The disturbing history of the slave trade brings to mind the horrifying experiences enslaved Africans had to go through while working on plantations in the Americas and other parts of the world. Africans were, for centuries, captured and chained down, forced onto ships, and taken into new lands against their will. Some even died before getting to their new homes. For those who survived, it was the start of several hours of work on large plantations with little to eat and with never having to forget their status as property.
Being considered as property, enslaved men and women were not legal persons who could enter into contracts, including marriage. Essentially, they had no choice in family or marriage as children largely became the property of the slave owner. It is a well-known fact that slave-owners fathered children with their slaves while some encouraged marriage to protect their investment in their slaves. In 1808 when Congress banned the Trans-Atlantic Slave Trade, slave owners were no longer able to import enslaved Africans who would work as skilled laborers on plantations or on public projects. Thus, many owners started forcing enslaved men like Charles McGruder to procreate.
McGruder “was basically rented out to go from plantation to plantation to breed with other African women,” said Marie McGruder, the great-great-grandchild of McGruder.
Marie said that just as the enslaved African women her great-great-grandfather got involved with had no choice in marriage or family, McGruder was also “surviving himself.” Marie, who now runs the family farm, is among other descendants of McGruder who shared his story with ABC News this month in hopes of finding each other. They believe that McGruder is the “patriarch” to most Black people from Alabama with the surname McGruder.
According to J.R. Rothstein, his great-great-great-grandfather may have had up to 100 children, though records say he had at least 40. He said that of the children McGruder had, each of them had their own children — about a dozen — who also went on to have a dozen more. In effect, many Black people from Alabama with the surname McGruder can trace their lineage back to McGruder, the family said.

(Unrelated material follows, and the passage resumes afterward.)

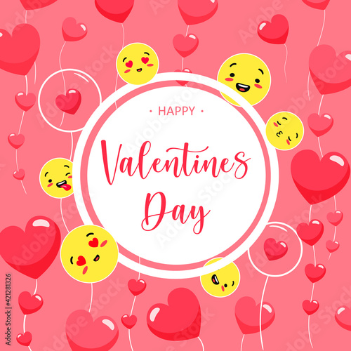 Emotional Valentines day banner. Yellow romantic emoticons with red hearts and joyful grimaces invite you date and confess your love vector.
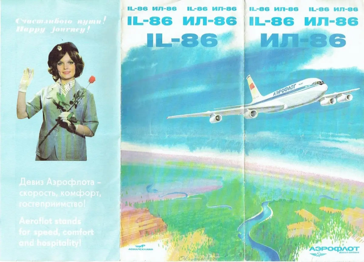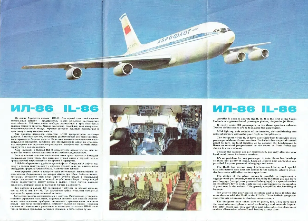 guter Zustand, geringe Gebrauchs- und Alterungsspuren: teils knittrig - mittig quer gefalten, Werbe-Prospekt, der den neuen Jumbo Jet IL-86 beschreibt, Papier, ca. 13,5 x 29 (aufgeklappt ca. 40 x 58), 12 Seiten mit 14 Bildern

95-year-old Lucille Burden Osborne said while growing up in a house that contained family members who had survived slavery, she heard stories about her great-grandfather, McGruder. “Evidently old man Charles McGruder must have been an important person to the community because we would hear his name many, many times,” Osborne told ABC News. “But nobody seemed to want to discuss how Charles fit into that slave situation, and it seemed like everybody would whisper when they were talking about Charles.”
“So this is what stands out in my mind — that he must have been the big daddy … because during his early years, he was considered a [slave] breeder.”
Born as a slave in North Carolina in 1822, McGruder was emancipated after the Civil War. After years of sharecropping, he purchased land in 1877 near Sawyerville, in Hale County, which some of his family still owns. McGruder also changed the spelling of his family’s surname. His white owner was Magruder, the original spelling of the McGruder last name. McGruder’s family believes he changed the last name to show his “independence.” Jill Magruder, who is a descendant of the white Magruders, recently found out that the white Magruders and Black McGruders are linked by blood. She is currently mapping out the family tree.